A Delaware judge has voided Tesla CEO Elon Musk’s gargantuan $55 billion pay package following a lawsuit by shareholders claiming it was far too much wealth to award a single individual.
In a ruling this week, Delaware judge Kathaleen McCormick called the billionaire’s cushy compensation plan “an unfathomable sum,” arguing it was unfair to shareholders.
Uncontested, the decision could leave a massive gap in the net worth of the once richest man in the world, which could have a ripple effect on his other ventures, including SpaceX and his online echo chamber X-formerly-Twitter.
McCormick’s ruling also highlights the long-standing rift between some of Tesla’s shareholders and the company’s mercurial and unpredictable CEO, who has consistently been embroiled in controversies over the last couple of years. That relationship has steadily worsened, especially following Musk’s chaotic acquisition of Twitter, which forced him to dig deep into his pockets and sell off billions of dollars worth of Tesla shares.
The payout dates back to 2018, when Tesla reached a ten-year agreement with Musk. At the time, Tesla calculated the package to be worth around $2.284 billion, considering the company’s 2018 share value.
Since then, Tesla has had several blockbuster years, with shares hitting record highs in 2021. The scale of the pay package today is off the charts. According to Reuters, it’s the biggest of its kind in US corporate history.
Forbes now lists Musk’s net worth as just $183.4 billion, with $55.8 billion representing around 30 percent of that.
“If this ruling stands, it will put a sizable dent into his net worth,” University of California, Berkeley law professor Adam Badawi told Reuters. “I think essentially what the court is saying is like, ‘Look, we’re not literally taking money out of Elon Musk’s pocket,’ although he certainly will feel that way because he hasn’t exercised shares.”
Musk, for his part, is seething.
“The most salient point that was missed was that the shares could not be sold for five years after exercise of the options,” Musk tweeted, “making it impossible to ‘exercise and run.'”
Experts are expecting Musk to fight the decision in court.
“He may appeal because he has little to lose from appealing,” Columbia law professor John Coffee told Reuters. “I would not expect the [Delaware Supreme Court] to reverse the chancellor but it certainly could happen.”

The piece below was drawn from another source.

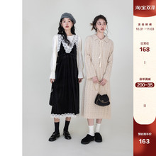 eighthmonth八月 罩衫黑色连衣裙两件套女秋款休闲收腰吊带长裙¥139
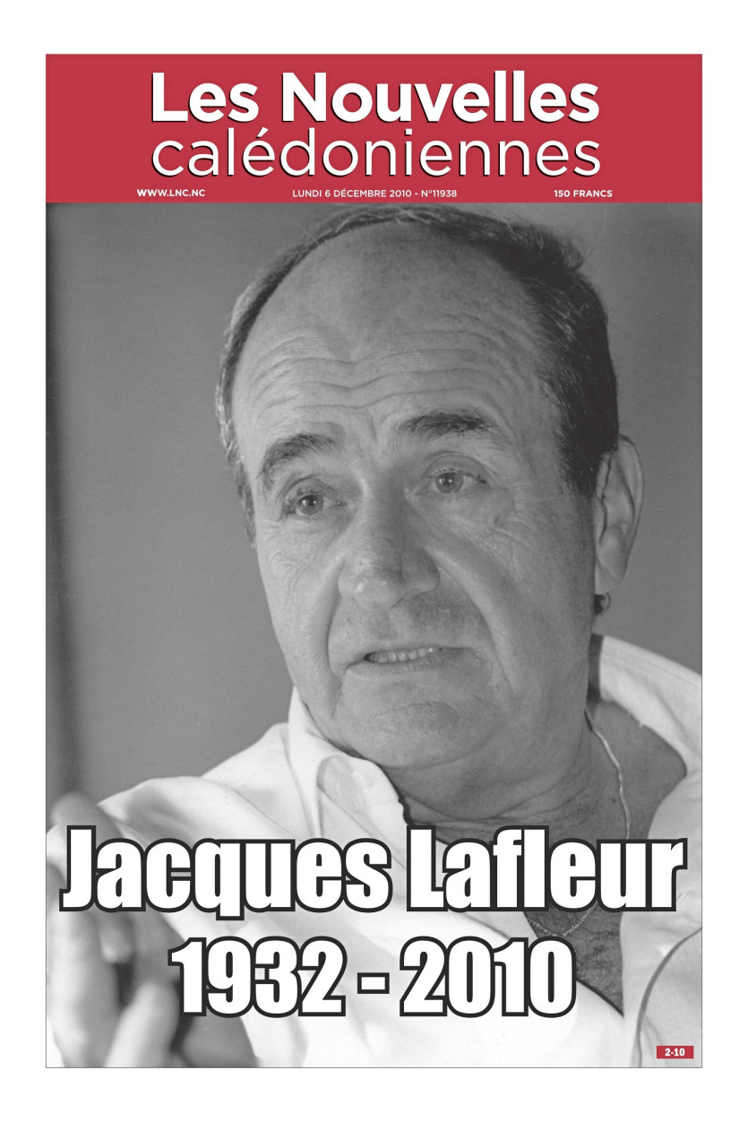 L'année se termine évidemment avec une grande tristesse et la disparition, le 4 décembre, de Jacques Lafleur qui avait reçu, le mois précédent, la Colombe de la paix de l'Unesco. Les Nouvelles font une édition spéciale et les réactions sont publiées sur plusieurs éditions, jusqu'aux émouvantes obsèques, le 11 décembre.

As Bloomberg points out, Tesla’s board could also simply choose to come up with a new pay package.
The move couldn’t have happened at a worse time for Musk. Tesla recently disappointed shareholders by failing to hit targets in Q4 of 2023.
Musk was also accused of “blackmailing” Tesla shareholders by threatening to pursue other AI ventures “outside of Tesla” unless he got a 25 percent voting control, a 12 percent increase.
“I don’t want to control it, but if I have so little influence at the company at this stage, I could be voted out by some random shareholder advisory firm,” he argued during a recent earnings call.
As expected, Musk is fuming at the judge’s decision and is letting out his frustrations on his social media platform.
“Never incorporate your company in the state of Delaware,” an incensed Musk tweeted, before releasing a barrage of angry messages about immigration and other pet political issues.